Sickened: The Memoir of a Munchausen by Proxy Childhood
by Julie Gregory
A review by Georgie Lewis
As a reader of memoir where does one separate the voyeur from the concerned and
curious observer? Is there a separation? Whatever the motivation, readers continue
to buy memoirs in droves. This past year has provided plenty of titillation, insight,
intrigue, or simply comfort in the knowledge that there are lives out there that
are markedly more creepy than our own. Augusten Burroughs's superb memoir Running
with Scissors and his follow-up, Dry,
and the just released Los
Angeles Diaries by James Brown, to name a few, are the most recent in a long
line of memoirs reflecting a childhood scarred by the mental illness of a parent.
And now Julie Gregory enters the fray with her extraordinary book Sickened:
The Memoir of a Munchausen by Proxy Childhood. Munchausen by proxy (MBP)
is an insidious form of child abuse, and Gregory is the first to document this
condition from the eyes of a victim. The term, coined by Dr Roy Meadow in 1977,
describes a behavior in which a caretaker (most often the mother) fabricates
or induces illness in an otherwise healthy child to meet their own needs for
attention and sympathy. Approximately 10% of MBP cases are fatal and more than
25% involve more than one child.
Julie Gregory's mother insisted, to all who would listen, that her child was
sick, that there was something wrong with her heart, her gastrointestinal tract,
and that Julie needed open heart surgery. When one doctor could find nothing
wrong with Julie after a battery of tests, another doctor was sought, and then
another. Symptoms were rehearsed:
"How do you act when you are sick, Julie? Show me." I slouch on
the end of the table, limbs dangling. I hang my tongue out and my bottom lip
falls away from teeth like a National Geographic pygmy with a lip plate in.

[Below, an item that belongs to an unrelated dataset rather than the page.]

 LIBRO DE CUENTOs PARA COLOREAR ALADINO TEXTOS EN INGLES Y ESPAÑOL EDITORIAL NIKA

"That's right. Now what do you think the doctor is going to say if he
comes in here and you're sitting up and all smiling? Do you think he's going
to believe me that you're sick? You've got to show him how sick you are outside
the doctors office. We've got to get to the bottom of this thing so Mommy
can get some rest."
Symptoms were also created through systematic starvation — under the guise
of Julie's "allergies" — and poisoning. Little white pills brought
on migraines. Shockingly, Julie's favorite treat as a toddler — the one she
devours on her mom's advice — is a brand new book of matches.
One of the most horrifying holds the mother has over the child in this set-up
is that the child continues to want her approval, and complies with the idea
that the child is sick. So strong is the belief that mother knows best the child
can often give birth to psychosomatic symptoms. The mother, in her delusional
quest for the truth, continually tests the child's loyalty causing him or her
to become a co-conspirator.
Like most abusers, Gregory's mother had a traumatic and sadistic childhood.

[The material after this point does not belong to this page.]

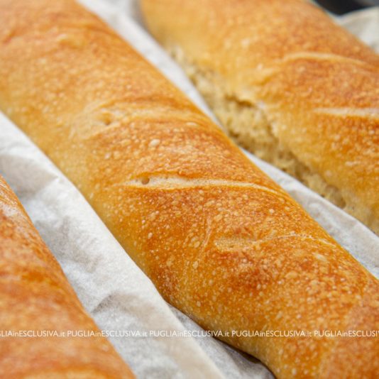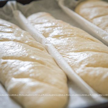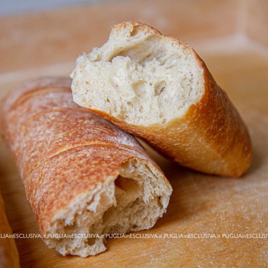 Prepara anche tu il buon pane fatto in casa, la ricetta della baguette facile e veloce da realizzare, con un impasto lento e a lunga lievitazione che garantisce una elevata sofficitΓ . Ottime da farcire con prodotti tipici pugliesi o per realizzare croccanti bruschette condite con aglio e pomodoro. Non dimentichiamo la classica “scarpetta”, tipica della nostra Puglia. L’uso di soli 6 grammi di lievito di birra, inoltre, consente di effettuare una lievitazione lentissima di almeno 24 ore in modo da ottenere un impasto estremamente soffice. La dose del lievito di birra diventa di 12 grammi se si vuol preparare la baguette dopo soli 4-6 ore di lievitazione.

The result, as Gregory's memoir traces, was to inflict this bizarre torture
upon her daughter — all the more perverse because it is in the name of healing.

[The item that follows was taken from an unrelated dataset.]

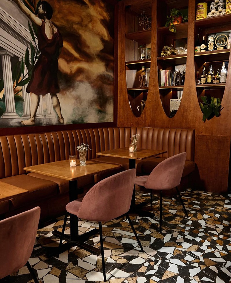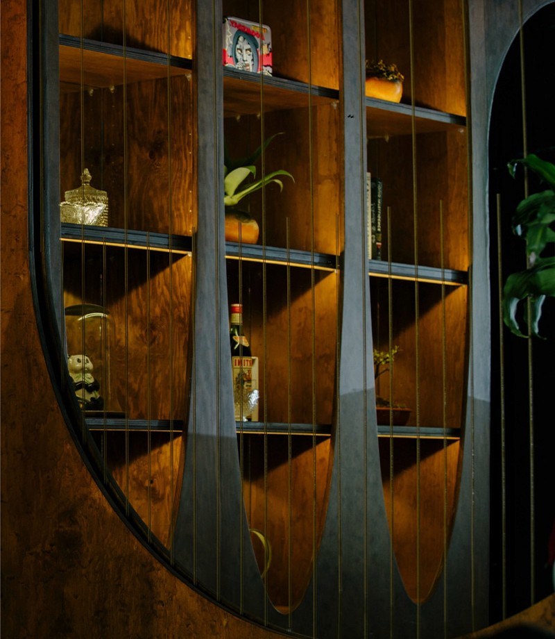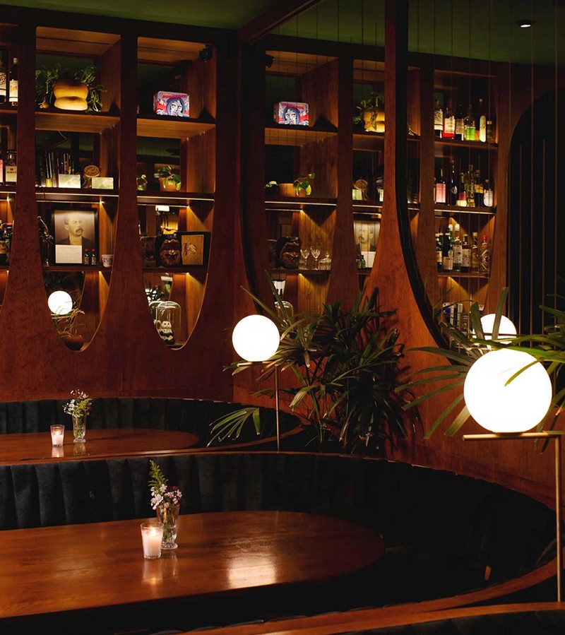 Cocktail culture meets spatial delight in this social setting—where material richness and subtle theatricality animate the bar experience and encourage convivial gathering.

Gregory's childhood in Southern Ohio is laid out for the reader in seamless
and poetic prose. A graduate of psychiatry from Sheffield University in London,
and now a spokesperson for the victims of this form of abuse, Gregory captures
the sometimes bucolic pleasures as well as the sometimes horrific isolation
that her rural family home provided. Her shock at discovering her mother is
the perpetrator of her pain is heartbreaking as are her eventual resolutions
of how to finally take control of her life. That Gregory survived her abuse
and can continue to see her mother for all her beauty as well as her psychosis
is remarkable. That she records it all in a hypnotic, compelling, and necessarily
humane manner is testament to a wise and wonderful woman.